Edison's monumental discovery of Phonograph in 1877 enabled users to freely record and playback any sound, but his reliance on the tinfoil paper as an information storage medium was criticized for being ineffective, had to use and very fragile. Because of that, Alexander Graham Bell and his workers at Volta factory started experimenting, and came to conclusion that cylinder made out from wax could much withstand repeated use, perform better with recording and playback, have capacity for longer playback, and was easier to manufacture than Edison tinfoil design. Because Edison patented only recording and reproduction from tinfoil medium, Bell did not have problem patenting his much superior wax based design, and from that point his "graphophones" became a standard in a world of sound processing. Another very important fact that enabled the rise of its popularity was the ability for automatic playback and recording. While Edison design demanded for user to manually spin the cylinder, Bell's design featured wind-up clockwork drive mechanism that provided automated rotation.

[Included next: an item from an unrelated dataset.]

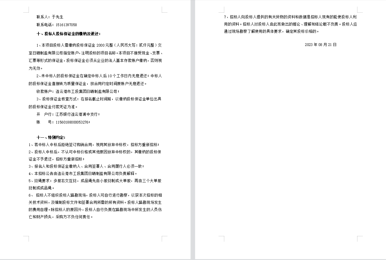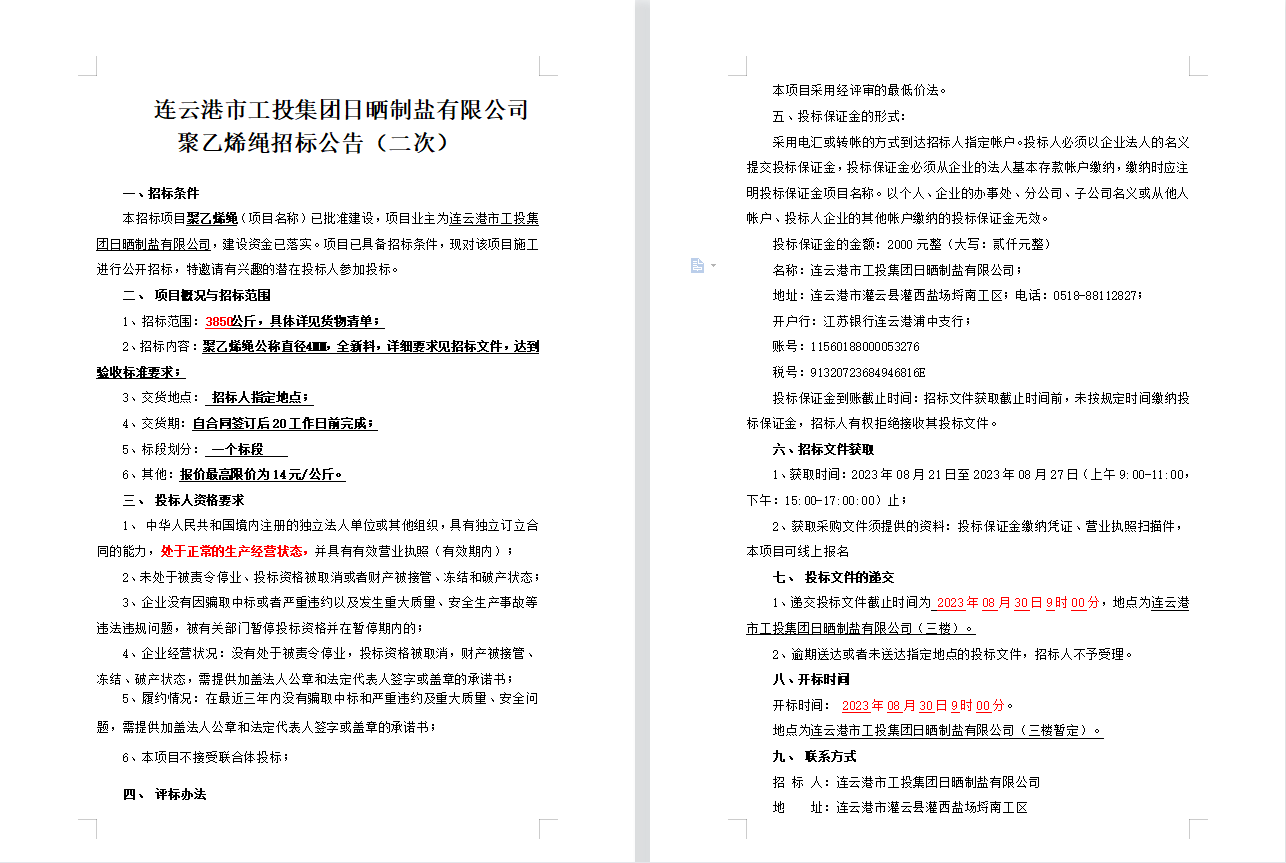 连云港市工投爱体育首页(中国)网页版日晒制盐有限公司聚乙烯绳招标公告(二次)

The early days of gramophone production were marked with the first release from Volta Graphophone Company of Alexandria, Virginia in 1881 - Dictaphone. This successful product soon enabled merging of from Volta Graphophone Company and American Graphophone Company, which were few years later renamed into Columbia Records. Moment of great expansion came with the arrival of Jesse H. Lippincott who used is $1 million of an inheritance to purchase Columbia Records and all of related patents, which greatly boosted the production rate of graphophones. Between 1881 and 1888 his newly formed North American Phonograph Company did not have much success because of reports of manufacturing units and resistance of stenographers who were accustomed of recording spoken word via use of shorthand. The acceptance of graphophones finally came in 1888 with the Louis Glass initiative of nickel-in-the-slot 'entertainment' cylinders.
As the years went by, graphophones received many improvements, from the quality of diaphragms and recording stylus, to the introduction of electric motors which powered the machine. However, the biggest innovation came in 1894 from the mind of United States inventor Emile Berliner. He devised a way for creation of flat shaped discs, and he renamed his graphophone design that utilized this disc as gramophone. After several years of improvements and collecting funds, he and Eldridge R. Johnson formed Victor Talking Machine Company in 1901, which managed to greatly popularized 7, 10 and 12 inch records between 1901 and 1903, which enabled them to playback material of then unprecedented 4 minutes. Even though Edison tried to improve his cylindrical design, popularity of disc based sound devices continued to soar, and when basic patents for the manufacture of lateral-cut disc records had expired in 1919, they could not be contained anymore. Anyone had the ability to produce and sell them, which brought new age of improvements to this gramophone designs. Over the years, industry adopted several sizes, speeds of reproduction, and use of new materials (especially Vinyl which came during 1950s).
Gramophones remained dominant until late 1980s, when digital media managed to eclipse it.